Goal of the exercise —
Set down exactly the lines below, starting at the one that contains "另附:2025年1-10月电摩销量10强厂商名单,数据源于:中国摩托车商会。" and ending at the one that contains "Сверло по дереву", with both of those lines included and nothing else.

Records provided —

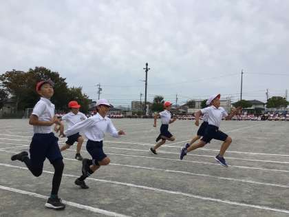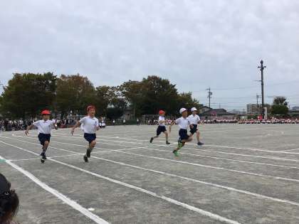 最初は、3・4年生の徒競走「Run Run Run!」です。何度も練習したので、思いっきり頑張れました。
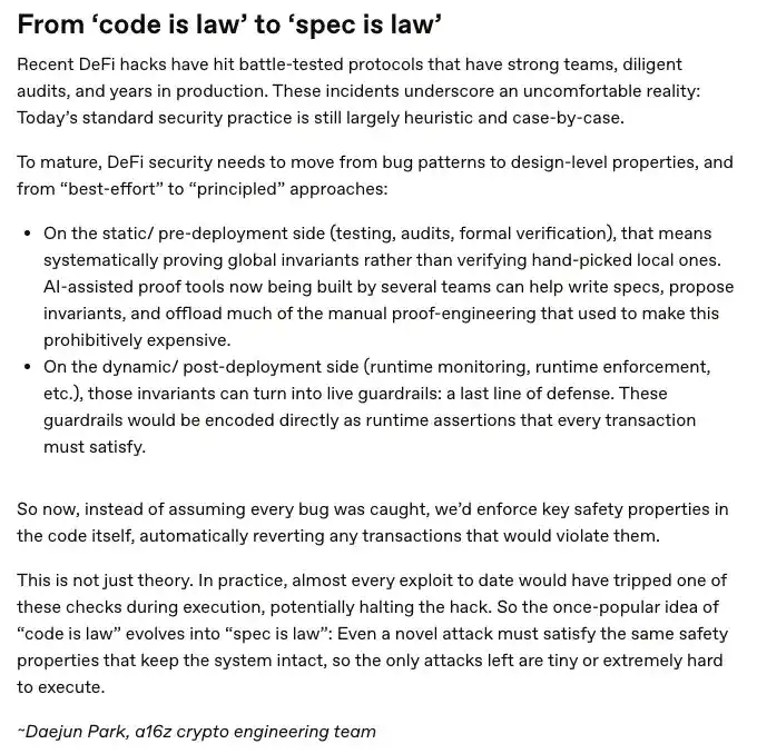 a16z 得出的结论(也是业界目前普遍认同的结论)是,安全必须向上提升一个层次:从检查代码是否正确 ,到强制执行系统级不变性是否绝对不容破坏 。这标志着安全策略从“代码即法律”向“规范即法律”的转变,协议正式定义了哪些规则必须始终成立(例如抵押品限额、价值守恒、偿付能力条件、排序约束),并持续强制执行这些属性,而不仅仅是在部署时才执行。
* * *
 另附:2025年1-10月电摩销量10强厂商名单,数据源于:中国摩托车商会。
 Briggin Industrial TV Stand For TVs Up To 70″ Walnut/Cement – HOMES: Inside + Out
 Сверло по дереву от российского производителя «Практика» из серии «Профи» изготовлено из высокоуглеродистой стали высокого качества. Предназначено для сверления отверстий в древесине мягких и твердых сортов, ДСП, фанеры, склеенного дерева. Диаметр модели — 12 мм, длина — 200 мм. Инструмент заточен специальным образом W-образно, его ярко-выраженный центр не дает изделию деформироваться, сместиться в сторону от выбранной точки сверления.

Your solution —
 另附:2025年1-10月电摩销量10强厂商名单,数据源于:中国摩托车商会。
 Briggin Industrial TV Stand For TVs Up To 70″ Walnut/Cement – HOMES: Inside + Out
 Сверло по дереву от российского производителя «Практика» из серии «Профи» изготовлено из высокоуглеродистой стали высокого качества. Предназначено для сверления отверстий в древесине мягких и твердых сортов, ДСП, фанеры, склеенного дерева. Диаметр модели — 12 мм, длина — 200 мм. Инструмент заточен специальным образом W-образно, его ярко-выраженный центр не дает изделию деформироваться, сместиться в сторону от выбранной точки сверления.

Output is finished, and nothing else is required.